◆ Provided data:
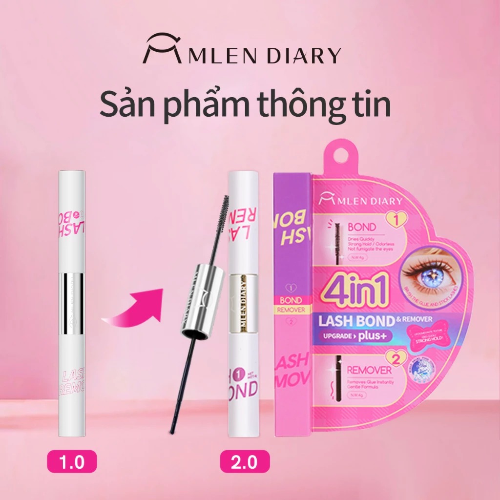 Keo Dán Mi MLEN DIARY 2 Đầu Chải Dạng Mascara 4IN1 Kết Hợp Dung Dịch Tẩy Keo 8g là mascara đến từ thương hiệu MLEN DIARY. Sản phẩm với công thức kép 1 đầu mascara, keo, chất làm cứng và 1 đầu tẩy trang giúp cố định mi giả chắc chắn, không gây nặng mắt, giúp thao tác dán mi dễ dàng, nhanh gọn và tẩy trang tiện lợi. Thiết kế nhỏ gọn, tinh tế, dễ mang theo và sử dụng.
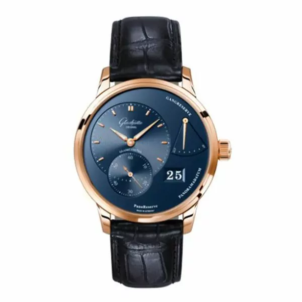 The PanoReserve represents a stylish interpretation of the characteristic asymmetric layout of the Pano dial: with an off-centre hour/minute display, a small second, the characteristic Glashütte Original Panorama Date and a power reserve indicator.
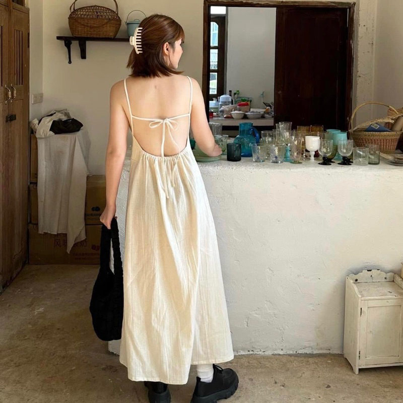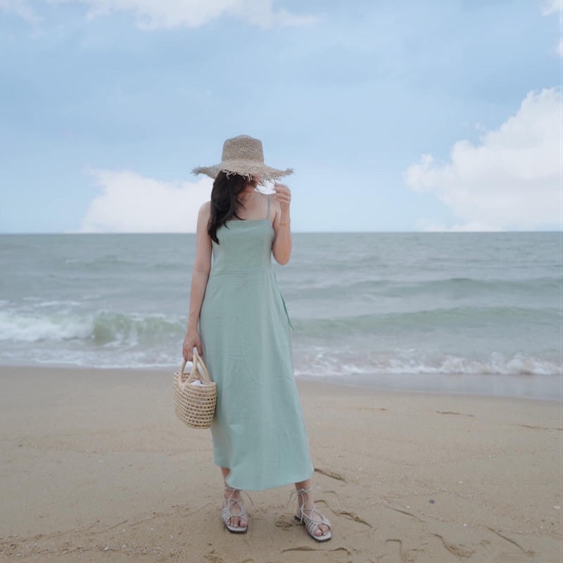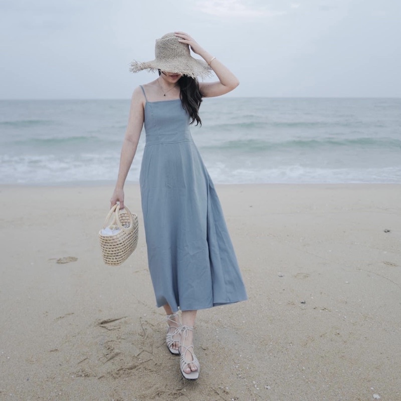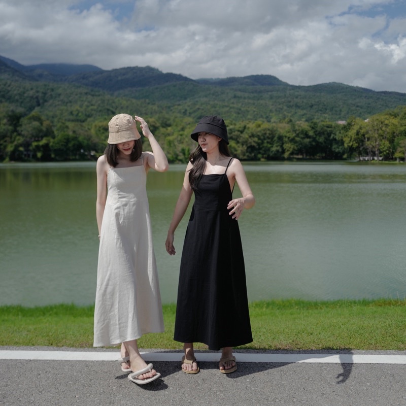 ชุดเดรส D R E S S S U N N Y (ถ่ายจากสินค้าจริง) เดรสโชว์หลัง เดรสทะเล (โรงงานผ้าที่ไทยร้านผลิตเอง)
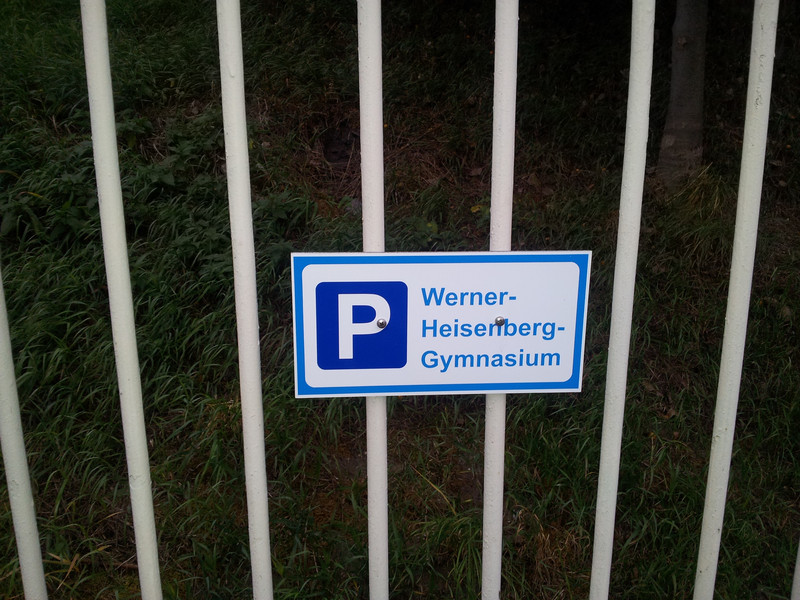 Auf Grund der zunehmenden Zahl von Parkbeschränkungen um die Schule hat die Schulleitung mit der Fa. Werfel vereinbart, dass wir als Lehrer mit einem entsprechenden Parkausweis ingesamt 8 Stellplätze zwischen Schule und Firmengelände nutzen können.
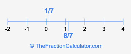 We'll start by presenting the illustration below that shows you where 1/7 and 8/7 are positioned on a number line. This will help you fully understand and visualize our calculations.
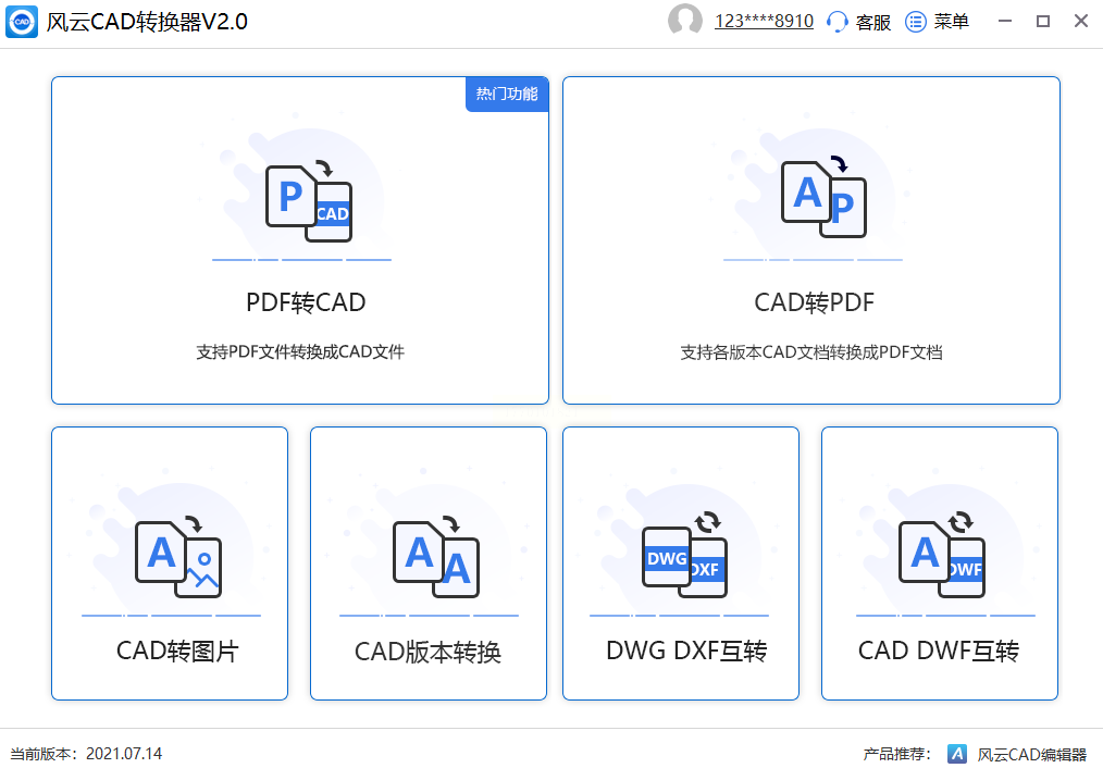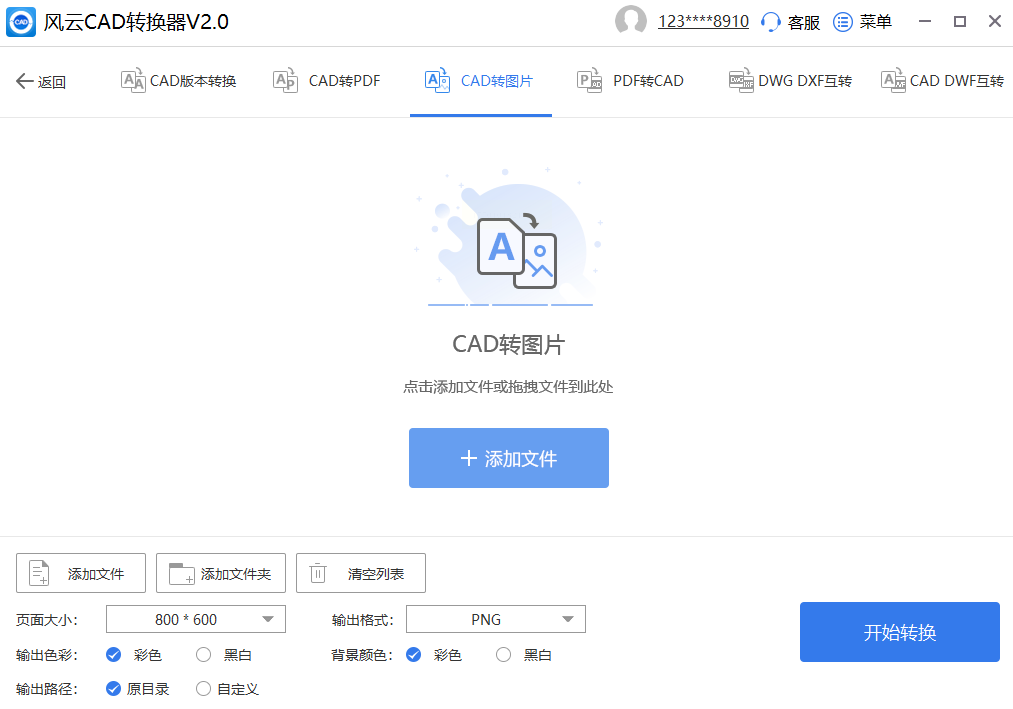 打开软件后,在主界面左侧找到“CAD转图片”按钮点击进入。
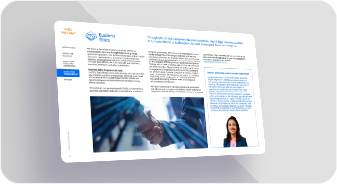 Business Through ethical and transparent business practices, Digital Edge remains steadfast Ethics in our commitment to building best-in-class governance across our footprint. INTRODUCTION We foster a shared set of values and ethics among our and good governance. 100% of our new employees have been use of Digital Edge’s networks and more. A full list of our employees and partners through implementing robust trained through TRACE focusing on individual policies and committee charters, policies and governance documents RESPECT FOR governance practices. This includes anti-bribery and corruption compliance processes. For all Digital Edge’s sales, construction are publicly available on our website: measures, tax compliance, prevention of anti-competitive and 昀椀nance department employees, we conducted live training digitaledgedc.com/governance. RESOURCES behavior, whistleblowing and other compliance protocols. on zero tolerance of bribery and corruption (ABC Compliance Through these e昀昀orts, we build trust with our customers, RESPECT FOR Training) with a 100% completion rate. In 2023, we continued investors, employees and other stakeholders. our Third-Party Due Diligence Policy for all third parties prior PEOPLE AND COMMUNITIES to engagement. This policy was launched in 2022 to ensure DIGITAL EDGE HIRES HEAD OF GLOBAL COMPLIANCE Business Ethics Progress and Goals our partners apply the same standards of business conduct In 2023, Digital Edge continued to develop and operationalize RESPECT FOR as we do ourselves. All third parties are subject to the Policy. Meghal Vakil, Senior Compliance Counsel, joined the TRANSPARENCY key compliance policies and practices. We hired a new Head Depending on the category of the Third Party (and their Digital Edge team in 2023 to oversee the revision of of Compliance who is updating our current policies and associated Risk Rating), di昀昀erent levels of due diligence our existing policies and direct ethics and compliance, spearheading new initiatives to ensure we retain strong, and procedures are required. APPENDIX training, risk mitigation and data privacy governance ethical standards. initiatives. She brings with her over 18 years of We have in place several individual policies and procedures experience in technology law, food law, real estate We continued our partnership with TRACE, an international that address anti-corruption, anti-bribery, insider trading, tax law and contract documentation. In her prior role, business association dedicated to anti-bribery, compliance compliance, modern slavery, whistleblower concerns processes, she spearheaded Global Ethics Compliance, managing ethics and compliance, risk mitigation, data privacy and digital legal contracts. As a part of the Tata group for 13 years, she has worked in di昀昀erent industries such as Manufacturing, Retail and FMCG with companies such as Voltas, Tata Starbucks and Tata Consumer Products Limited. We are pleased to have Meghal join our team to ensure we retain our robust, ethical standards. © 2024 Digital Edge ESG Report 29
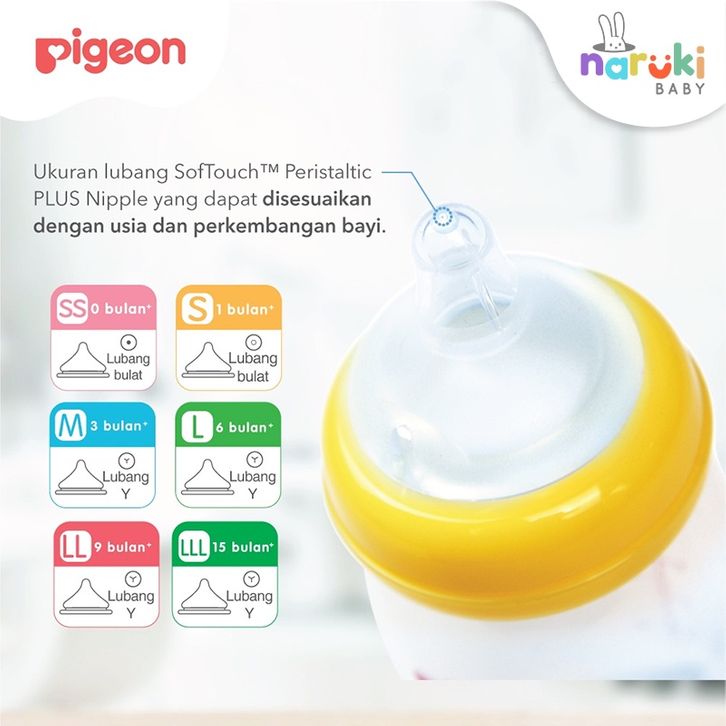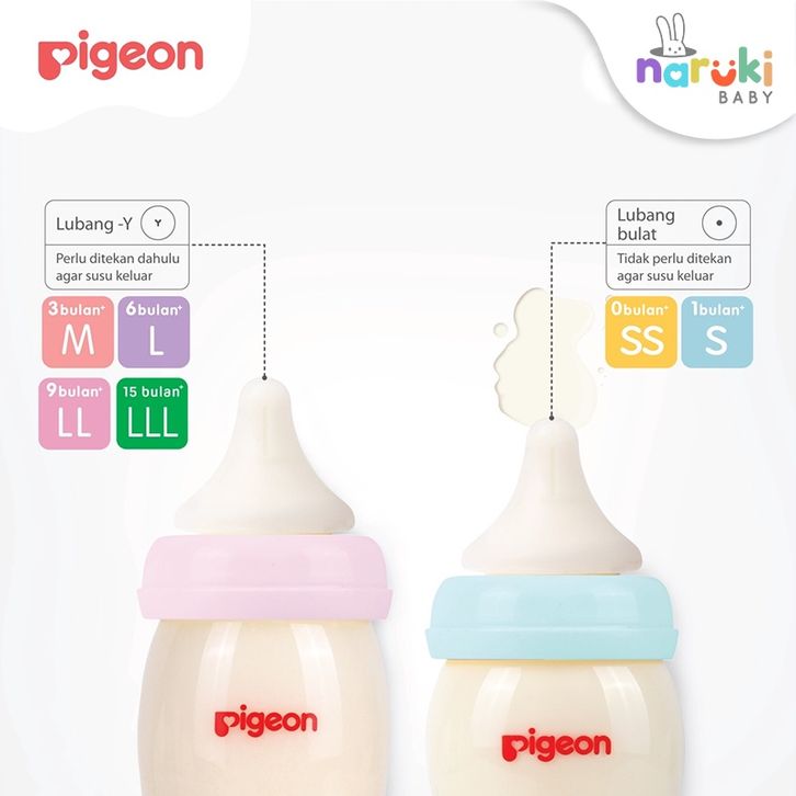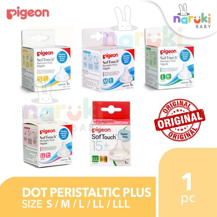 Pigeon Dot Nipple Peristaltic Plus Wide Neck Size S M L LL LLL / MUJENI
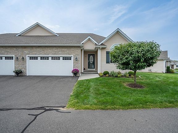 Welcome to Stonybrook Village, a desirable pet friendly community open to people of ALL ages with the bonus of single level living perfect for aging in place! You'll feel at ease as soon as you walk into this stellar garden style unit, featuring an open floor plan, great closet space & natural light galore! The living room offers a gas fireplace & cathedral ceilings and opens to the elegant dining room w/ tray ceiling & access to your own patio! The sizable kitchen has a center island, granite counters, SS appliances, a dedicated pantry, a 1st floor laundry room & access to the 2 car garage. The primary bedroom suite offers a double tray ceiling, a massive walk-in closet, & an en-suite bathroom w/ double vanities & a walk-in shower. A guest bedroom & full bath complete this level. The lower level offers a large bonus room, perfect to suite any type of hobby! Ideal location less than 2 miles to Mt. Holyoke College & the town center, natural gas heat, and central air make this a winner!

◆ Your assignment: Give back exactly the lines from the first line of the data through the line with "The PanoReserve represents", pictures excluded.

◆ Answer for this exercise:
 Keo Dán Mi MLEN DIARY 2 Đầu Chải Dạng Mascara 4IN1 Kết Hợp Dung Dịch Tẩy Keo 8g là mascara đến từ thương hiệu MLEN DIARY. Sản phẩm với công thức kép 1 đầu mascara, keo, chất làm cứng và 1 đầu tẩy trang giúp cố định mi giả chắc chắn, không gây nặng mắt, giúp thao tác dán mi dễ dàng, nhanh gọn và tẩy trang tiện lợi. Thiết kế nhỏ gọn, tinh tế, dễ mang theo và sử dụng.
 The PanoReserve represents a stylish interpretation of the characteristic asymmetric layout of the Pano dial: with an off-centre hour/minute display, a small second, the characteristic Glashütte Original Panorama Date and a power reserve indicator.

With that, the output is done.